In a statement posted to Twitter, Korban said Turbine 4 (T4) “tripped offline” around 8:52 a.m. But by then, Korban said, street flooding had already begun.
By 10 a.m., there were more than 100 reports of street flooding on Streetwise, the city’s online street flooding and road construction viewer, according to Nola.com | The Times-Picayune.
When it was all said in done, the morning storms dropped 3 to 6 inches, but “the rate is really what caused the issues,” said Robert Ricks, a forecaster with the National Weather Service in Slidell.
How hard did in rain in New Orleans this morning? On average: the 5-min rainfall rate peaked around 0.5 inches and the 1-hour rainfall rate peaked at just under 3 inches. That is very heavy rainfall rates!!! #turnarounddontdrown #lawx— NWS New Orleans (@NWSNewOrleans) June 10, 2020
At its peak the storm dropped anywhere from 3 to 4 inches per hour, Ricks said.
“In our area … probably a couple times a year we get rain rates that much.”
“The bottom line is that was more rain that [sic] our system could handle,” Korban tweeted.

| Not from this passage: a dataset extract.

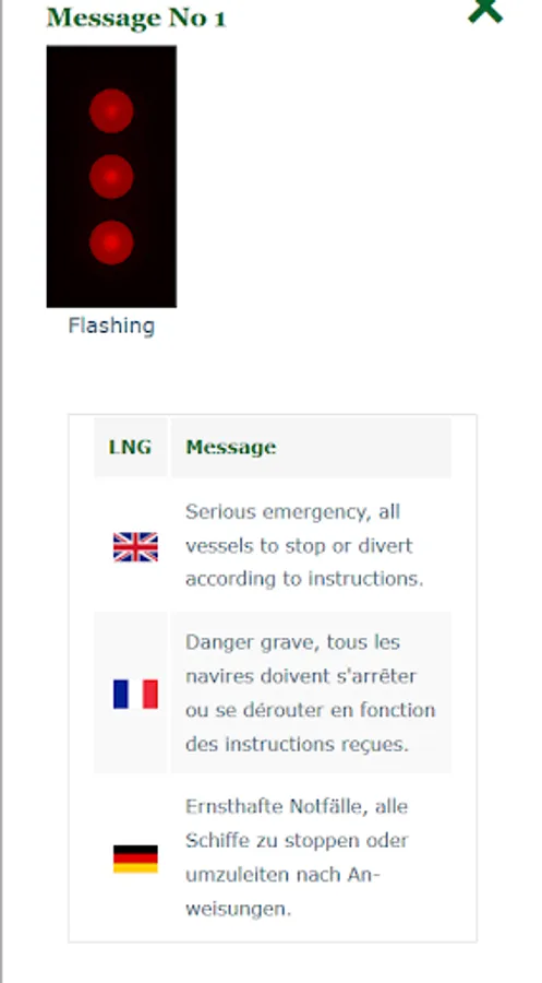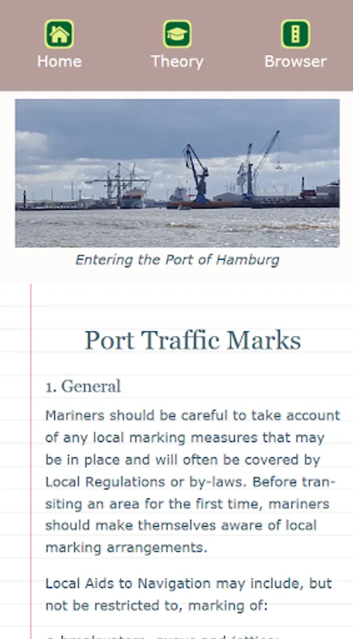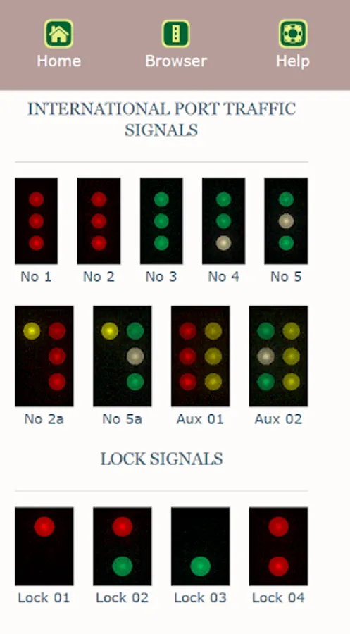This app further contains a theory section covering background information on Port Traffic Signals. We discuss the 5 rules: Main Movement message, red lights, green lights, a single yellow light and auxiliary signals. We conclude with some notes on lock signals.

The S&WB utilizes a combination of several turbines and generators to power the pumps that ultimately drain the city when it rains. It’s not clear how many pumps were rendered useless when T4 went offline. Korban said the utility was able to reconfigure the power supply “to slow the rising of the water,” and that T4 was back online within two hours.
While not technically part of Tropical Storm Cristobal, the remnants of which have almost reached Canada, Cristobal created the environment for Wednesday’s downpour. The tropical storm brought a lot of moisture into the atmosphere, and when that moisture combined with the Wednesday’s cold front, all the necessary ingredients were there.
“That’s what caused the process to kick in and get the heavy rain,” he said. “These rain rates are very typical of a tropical environment.”
Ricks said the heaviest rain fell in downtown New Orleans, Mid-City and near the lakefront.